▶ _Raw data_
******

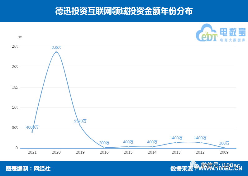 在投资金额年份中,德迅投资2020年投资金额最多,为2.3亿元;其次是2019年,5570万元;2021年为4000万元;2013年和2012年各1400万元;2015年和2014年各400万元;2016年为200万元;2009年为100万元。
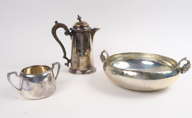 Coupelle à anses, cafetière monogrammée, base de sucrier, l'ensemble en métal argenté
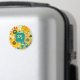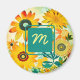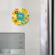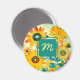 Aimant de fleurs d'art populaire jaune et turquoise. Ajoutez des initiales dans la zone personnalisée.

******

Output the material above exactly, without pictures.

▶ _Result of the exercise_
 在投资金额年份中,德迅投资2020年投资金额最多,为2.3亿元;其次是2019年,5570万元;2021年为4000万元;2013年和2012年各1400万元;2015年和2014年各400万元;2016年为200万元;2009年为100万元。
 Coupelle à anses, cafetière monogrammée, base de sucrier, l'ensemble en métal argenté
 Aimant de fleurs d'art populaire jaune et turquoise. Ajoutez des initiales dans la zone personnalisée.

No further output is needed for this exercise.